We can also compute new columns from existing ones. For example, the product of Return and Lagged Return:
df_example['Product'] = df_example['Return'] * df_example['Lagged Return']
df_example = df_example.dropna()
display(df_example)| Return | Lagged Return | Product | |
|---|---|---|---|
| Time | |||
| 2 | -0.05 | 0.10 | -0.0050 |
| 3 | 0.12 | -0.05 | -0.0060 |
| 4 | 0.03 | 0.12 | 0.0036 |
| 5 | -0.06 | 0.03 | -0.0018 |
Applying this to real data, we can examine whether past daily returns of AAPL are related to future returns.

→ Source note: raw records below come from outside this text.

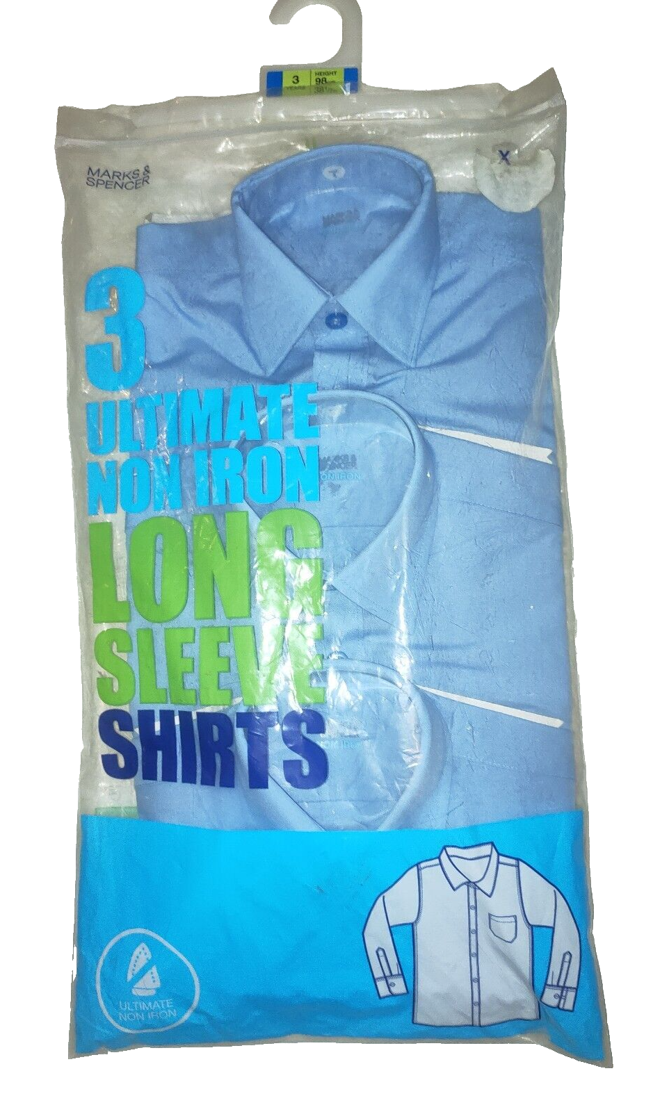 Age 3 Years 3 Pack School Shirts Blue M&S Ultimate Non Iron Long Sleeved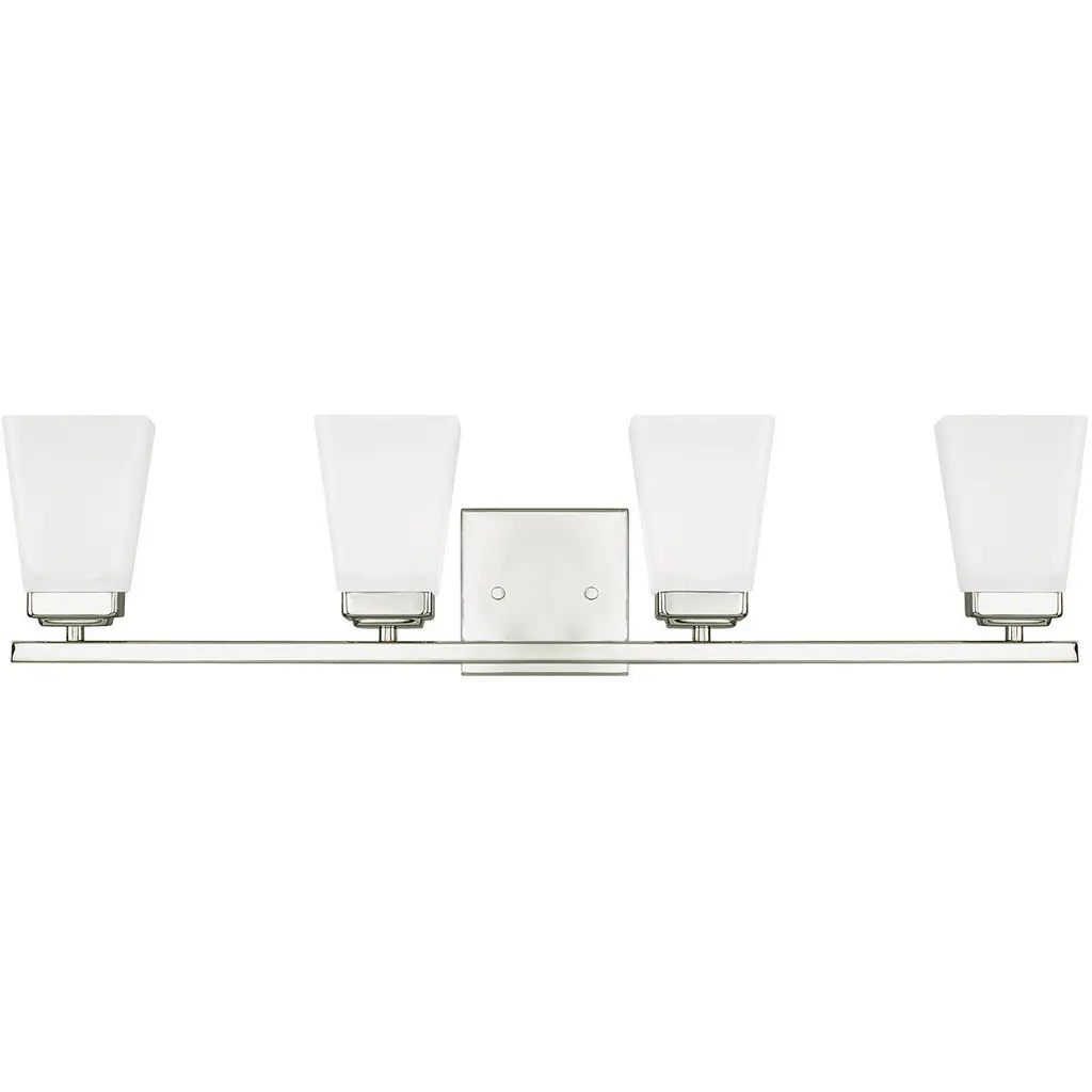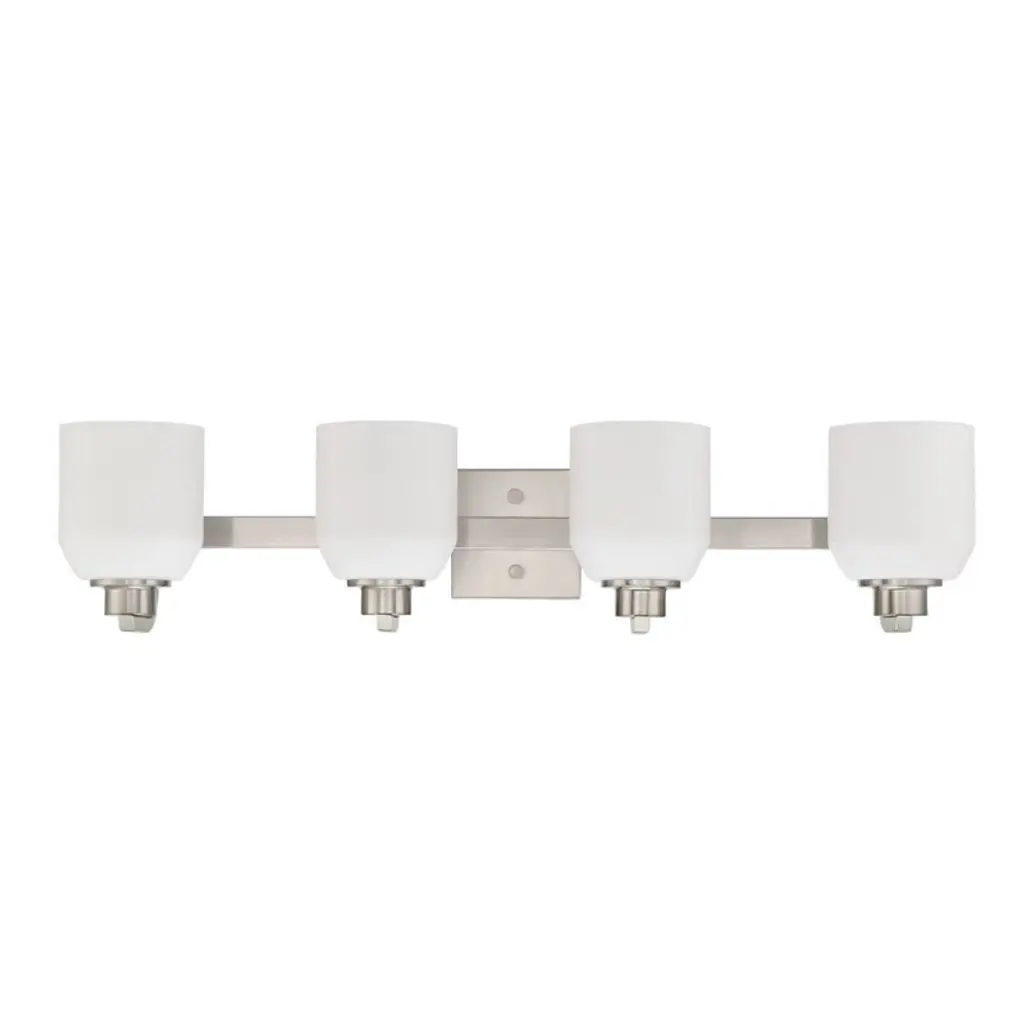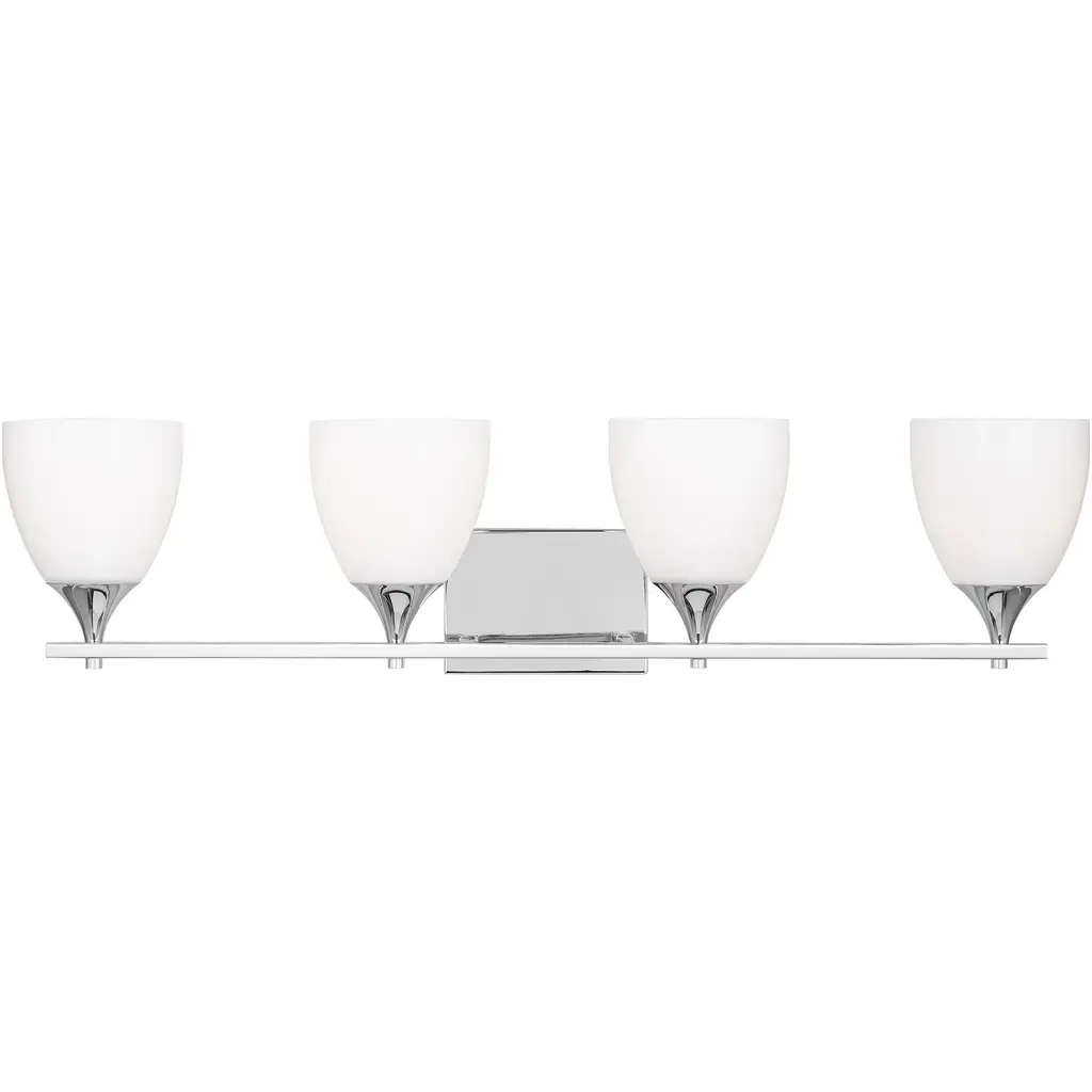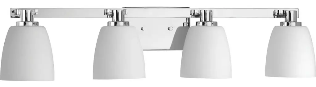 The four-light bath fixture emulates European faucet designs. Fleet is compromised of a distinct die cast arm and cup and highlighted by etched opal glass.Collection: FleetLighting Specifications: Wattage: 100 WNumber of Bulbs Required: 4Bulbs Included: NoLamp Type: IncandescentSocket Base: MediumDamp Location ListedWire Length: 6 in1 year warranty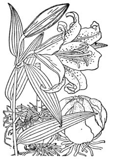 本州中部から北の山地にはえ、また人家に栽培する多年生草本、茎は高さが1~1.5mくらいで直立しているが花が開くと花の重味に従って少し倒れるものが多い。鱗茎は大形で、径10cm 内外あり、扁球形で鱗片は卵状皮針形で厚みがありまた黄味がかっている。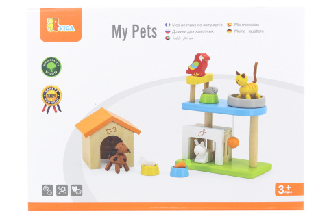 Dřevěná domácí zvířátka. Balení obsahuje pejska, kočku, papouška, králíka a další doplňky o rozměrech cca 11,5 x 15,5 x 6 cm. Rozměr balení cca 24 x 18 x 7 cm. Věk 3+ przeczytaj całość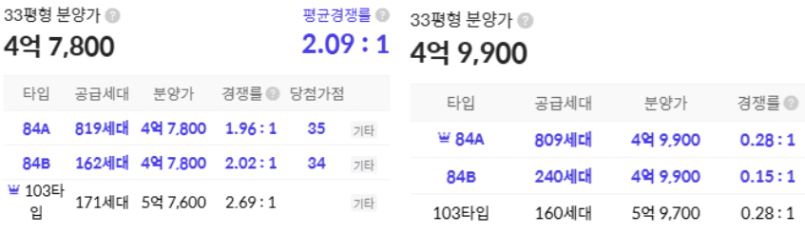 평택지제역에 가까운 신축의 경쟁률을 봤는데

We create a lagged column from retd and plot today’s return against yesterday’s return.
retd_lag = retd.copy()
retd_lag['Lagged Return'] = retd['Daily Return'].shift(1)
retd_lag = retd_lag.dropna()
display(retd_lag)| Daily Return | Lagged Return | |
|---|---|---|
| Date | ||
| 2012-01-05 | 0.011102 | 0.005374 |
| 2012-01-06 | 0.010454 | 0.011102 |
| 2012-01-09 | -0.001586 | 0.010454 |
| 2012-01-10 | 0.003580 | -0.001586 |
| 2012-01-11 | -0.001630 | 0.003580 |
| ... | ... | ... |
| 2026-02-24 | 0.022391 | 0.006047 |
| 2026-02-25 | 0.007680 | 0.022391 |
| 2026-02-26 | -0.004668 | 0.007680 |
| 2026-02-27 | -0.032130 | -0.004668 |
| 2026-03-02 | 0.002044 | -0.032130 |
3558 rows × 2 columns
sns.scatterplot(data=retd_lag, x='Lagged Return', y='Daily Return', alpha=0.3)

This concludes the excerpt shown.